For more detail on practical lien options (withdrawal, subordination, discharge of property), see our guide: How Bankruptcy Affects Tax Liens and Collection Options. (Internal link: https://finhelp.io/glossary/how-bankruptcy-affects-tax-liens-and-collection-options/)

Refunds, offsets, and the bankruptcy estate

A tax refund due to you at the time you file for bankruptcy usually becomes property of the bankruptcy estate under 11 U.S.C. § 541. Consequences:

  • The bankruptcy trustee can take the refund and use it to pay unsecured creditors unless you have an exemption that covers the refund amount.
  • If your return was filed but the refund was not yet issued on the filing date, it is generally estate property.
  • If the refund is for a tax year after the bankruptcy filing (post‑petition), the debtor often keeps that refund unless the plan or trustee asserts an interest.
  • The IRS also participates in refund offsets through the Treasury Offset Program for certain debts (e.g., past‑due federal payments, state debts, child support). An offset can occur outside of bankruptcy; if your refund is offset before the trustee has a chance to claim it, you may receive nothing.

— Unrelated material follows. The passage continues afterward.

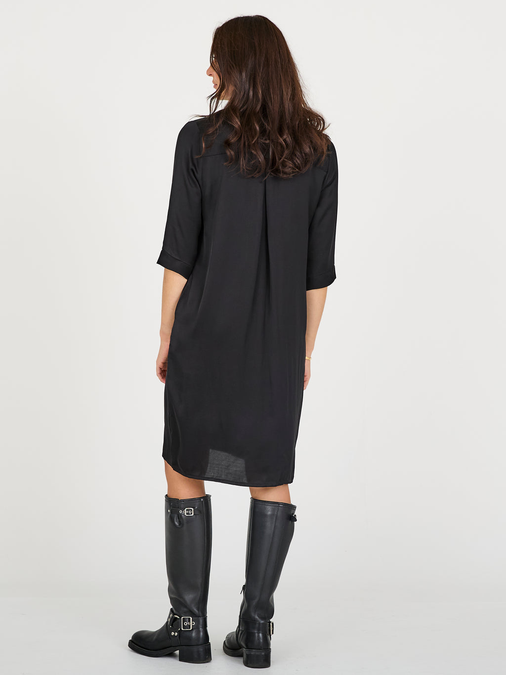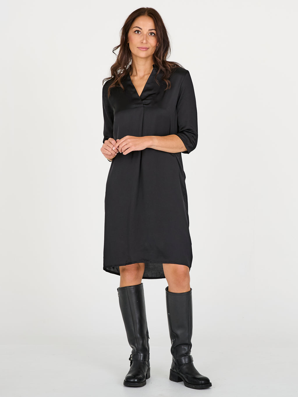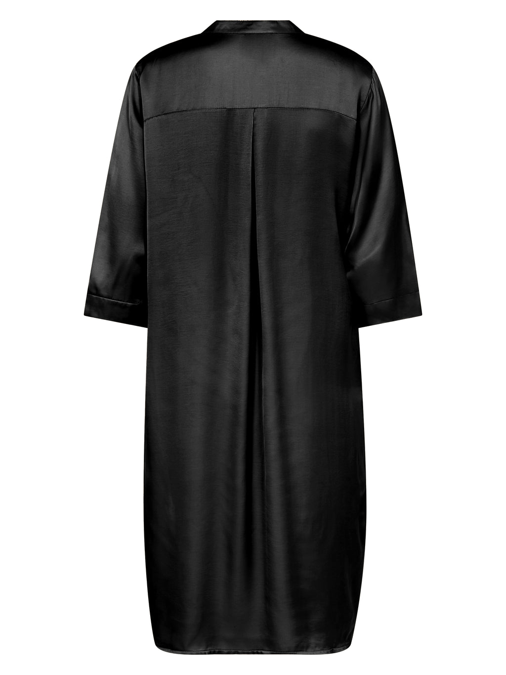 Skab et elegant og ubesværet udtryk med denne løstsiddende kjole i et glat, let skinnende materiale. Den har en enkel V-udskæring og krave med kinainspireret snit, samt 3/4-lange ærmer, der understreger det minimalistiske design. En diskret læg i ryggen giver ekstra bevægelsesfrihed og en smuk fald.

If you expect a refund and are planning bankruptcy, timing the filing and discussing exemptions with counsel can sometimes protect some or all of the refund. See our article on refund timing and installment agreements: How an Installment Agreement Can Affect Future Tax Refunds and Credits (internal link: https://finhelp.io/glossary/how-an-installment-agreement-can-affect-future-tax-refunds-and-credits/).

Practical filing differences: Chapter 7 vs. Chapter 13

  • Chapter 7: The trustee gathers nonexempt property for distribution to creditors. Refunds due at filing are usually administered by the trustee. Discharge removes personal liability for qualifying taxes but not liens.
  • Chapter 13: You propose a repayment plan (usually 3–5 years). Chapter 13 is commonly used to catch up secured debts, pay priority taxes over time, and in some cases cure tax liens through the plan. Nondischargeable tax debts generally must be paid through the plan.

Common mistakes and how to avoid them

  • Filing bankruptcy before you file late tax returns: Unfiled returns commonly block discharge of the underlying tax. Prepare and file missing returns before filing bankruptcy when possible.
  • Ignoring payroll/trust fund taxes: These are personal liabilities for responsible managers; bankruptcy won’t save you.
  • Assuming discharge removes tax liens: A lien stays attached unless you take affirmative steps (pay, subordination, or lien avoidance where legally available).
  • Not claiming exemptions for refunds: In many states you have exemptions that can protect a refund if properly claimed on your bankruptcy schedules.

Strategies I use with clients

  1. Build a year‑by‑year tax timeline (due date, filing date, assessment date, payments): this determines which tax years are dischargeable.
  2. File missing returns promptly before bankruptcy if dischargeability is a goal.
  3. If payroll/trust fund taxes are involved, identify the responsible parties and evaluate payment plans or offers in compromise with the IRS.
  4. If you are expecting a refund, explore applicable exemptions and the timing of filing; sometimes delaying bankruptcy until after you receive a refund (if safe) preserves that money.
  5. Coordinate bankruptcy counsel with a tax practitioner — the overlap of tax procedure and bankruptcy law is technical and fact specific.

Additional resources and interlinks

When to seek professional help

If you have more than a simple tax return history, seek both a bankruptcy attorney and a tax professional. In my 15+ years advising clients I’ve seen small omissions create big consequences — a fired‑off return or a missed assessment date can change whether a tax is dischargeable. Use the IRS and U.S. Courts pages above for background, but get case‑specific advice.

Professional disclaimer

This article is educational and does not constitute legal or tax advice. Bankruptcy and tax outcomes depend on the precise facts and applicable law; consult a qualified bankruptcy attorney and a tax professional before making filing decisions.